In this blog, we will analyze infrastructure drift, explain how you can detect drift with CloudFormation, discuss remediation strategies, and examine best practices.

What we’ll cover:

  1. Understanding infrastructure drift
  2. What is drift detection in AWS CloudFormation?
  3. How do you resolve CloudFormation drift?
  4. Common challenges in resolving CloudFormation drift
  5. Best practices for drift prevention and remediation in CloudFormation

Understanding infrastructure drift

Infrastructure drift occurs when the actual live configuration of your AWS resources differs from their expected configuration as defined in CloudFormation templates. Examples of a drift include a difference in virtual machine image sizes or a property that still appears on the template after it has been deleted.

In CloudFormation, stacks are collections of AWS resources that you can manage as a single unit.

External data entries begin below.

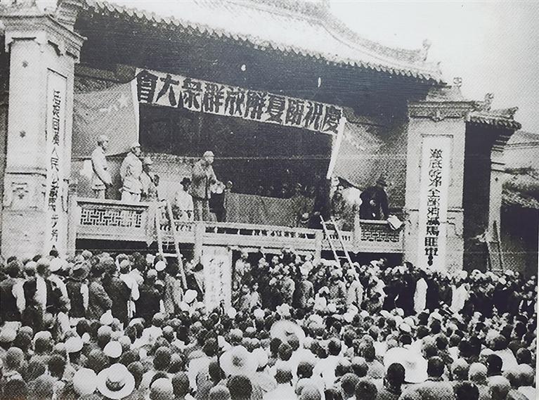 1949年8月25日,临夏各族群众集会庆祝解放。
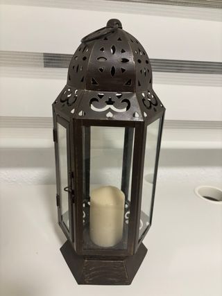 Elegante portavelas con un diseño intrincado. - Estructura de metal con detalles calados. - Paneles de cristal transparente. - Base octogonal. - Incluye una vela. -Medidas: 37 x 15 cm
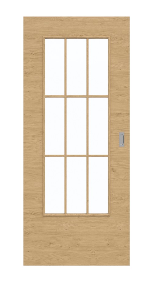 Dzięki dużemu przeszkleniu pośrodku skrzydła drzwi do pomieszczeń wpada mnóstwo światła. Delikatne pędy dzielą go na dziewięć równych segmentów. Brązowe drzwi przesuwne zachwycają swoim nowoczesnym wyglądem. Dzięki poprzecznemu wzorowi imitującemu drewno dębowe drzwi przyciągają wzrok. Dynamiczne usłojenia i subtelne sęki przyciągają wzrok. Powierzchnia z płyty HPL jest odporna na działanie światła i niezwykle wytrzymała.
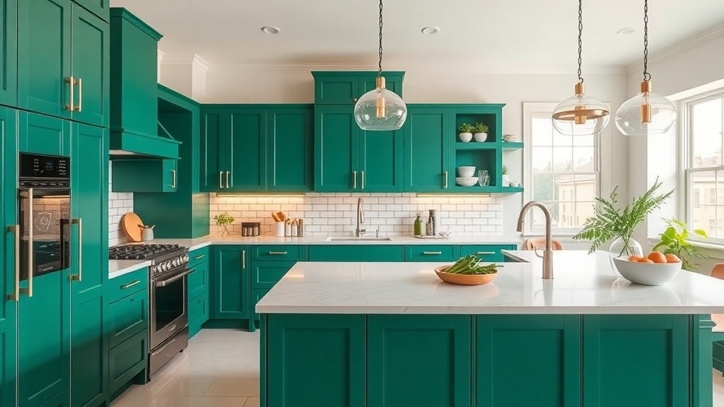 Choosing bold colors like emerald green can be a game changer in kitchen design. It allows for creativity while still maintaining a sophisticated vibe. Pairing these cabinets with neutral tones elsewhere in the kitchen can help balance the boldness.
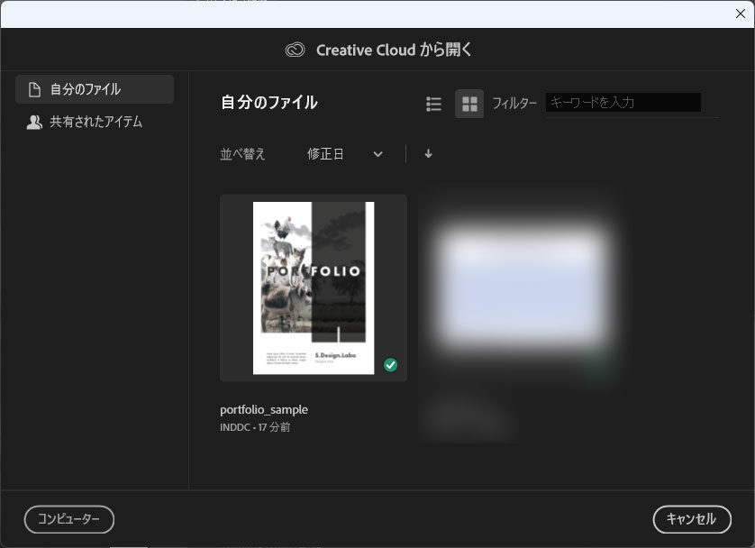 すると [ Creative Cloudから開く ] の画面が表示されます。
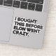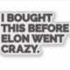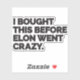 Show Your Opinion in Style! Our high-quality car sticker, “I Bought this Before Elon Went Crazy,” is perfect for anyone who wants to make a statement with a wink and a smile. Modern Design: Clean, easy-to-read text with a humorous touch – guaranteed to turn heads. Join the humorous movement and add a touch of personality to your vehicle or accessories. A great gift for fans of technology, satire, and engaging conversation starters!
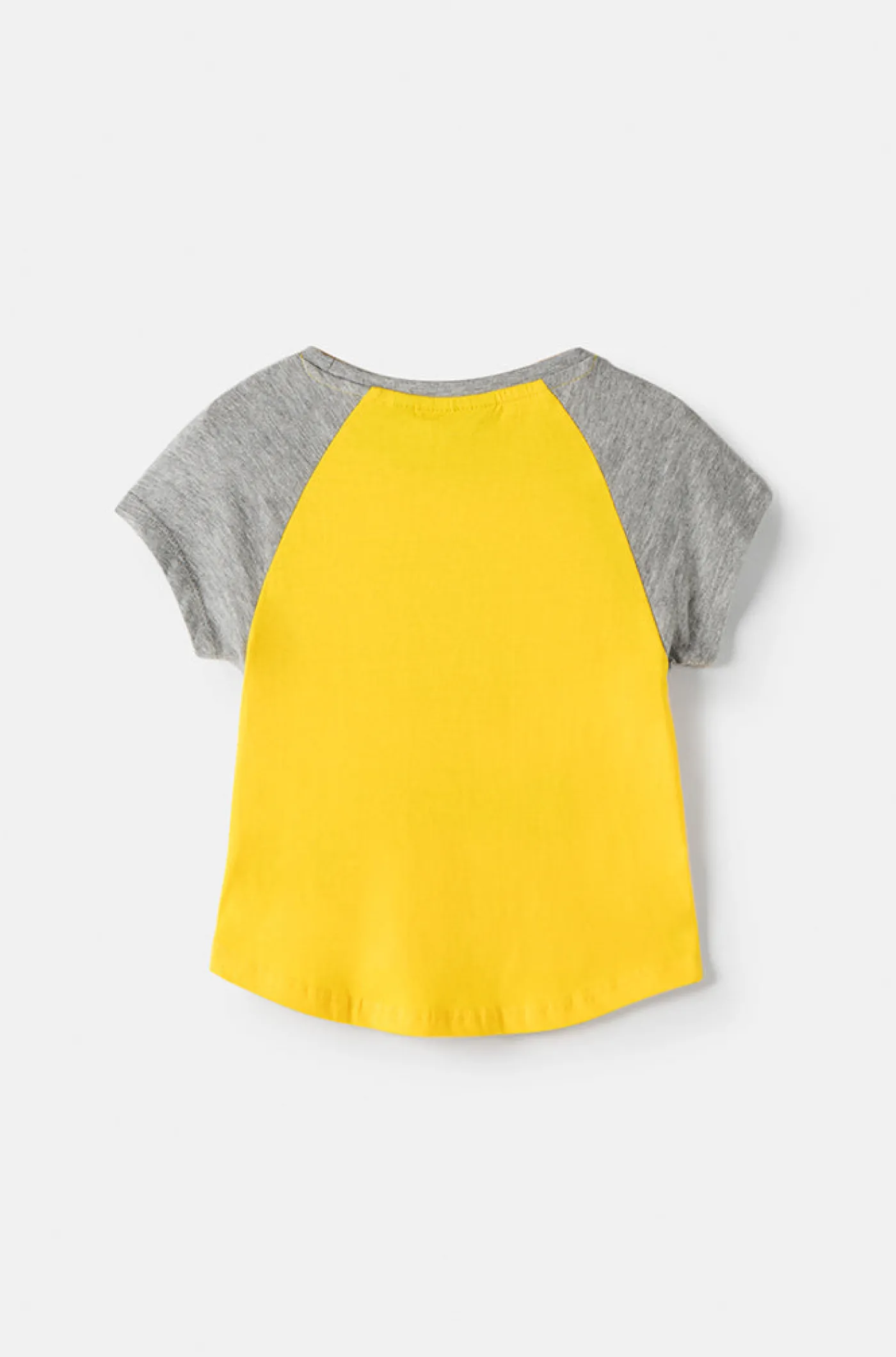 Camiseta niño bicolor de manga corta con el escudo en glitter del FC Barcelona. Detalle con logo del Barça. Corte asimétrico. Cuello redondo. Color: Amarillo y gris jaspeado

A stack is considered drifted if one or more of its resources have drifted from their template definitions. This deviation creates inconsistencies that can affect your infrastructure’s predictability and management.

Common causes of drift

In the world of infrastructure management, drift typically happens when users make changes outside of CloudFormation’s workflow. A few examples of these include:

  1. Manual user changes: Users may bypass IaC automations and modify resources directly through the AWS Management Console or via the AWS CLI. This could be due to an operational event, some action that needs to be performed immediately to address an issue, or even an accident. Examples include manually adjusting networking rules, security groups, or autoscaling configurations.
  2. Third-party tools and AI agents: DevOps and platform teams often set up external automation tools or scripts that modify AWS resources independently of CloudFormation’s lifecycle. With the rise of AI Agents, it’s even easier to set up agentic flows that respond to specific events and attempt to auto-remediate issues. Although these solutions offer operational overhead improvements, they could also introduce infrastructure drift.
  3. Delayed or failed deployments: The IaC code merged into your branches declares your intent to configure your environment, but your infrastructure could be in a drift state until that code has reached production. Drift is introduced accidentally when deployments fail, or they get deprioritized or are simply forgotten.

Read more: Top 7 Causes of Infrastructure Drift

What is CloudFormation drift detection?

Let’s look at how drift detection works in CloudFormation

CloudFormation drift detection is a feature that checks whether resources in a CloudFormation stack match the configuration defined in its template. The service analyzes each resource that supports drift detection and identifies any properties that differ from their template definitions, including deleted resources.

Image source: CloudFormation drift detection

When you initiate drift detection, CloudFormation performs the following process:

  1. Resource analysis: Examines each resource in the stack that supports drift detection
  2. Property comparison: Compares actual resource properties with expected template values
  3. Status assignment: Marks resources as IN_SYNC or DRIFTED based on the comparison results: Resources that don’t support drift detection get a drift status of NOT_CHECKED. Resources that have been deleted are marked as DELETED.
  4. For the drifted resource properties, CloudFormation assigns the ADD value for additions, REMOVE for property removals, and NOT_EQUAL for properties that differ.
  5. Report generation: Provides detailed information about drift status and specific property differences

Image source: CloudFormation drift example

The operation can take several minutes, depending on the number of resources in your stack. 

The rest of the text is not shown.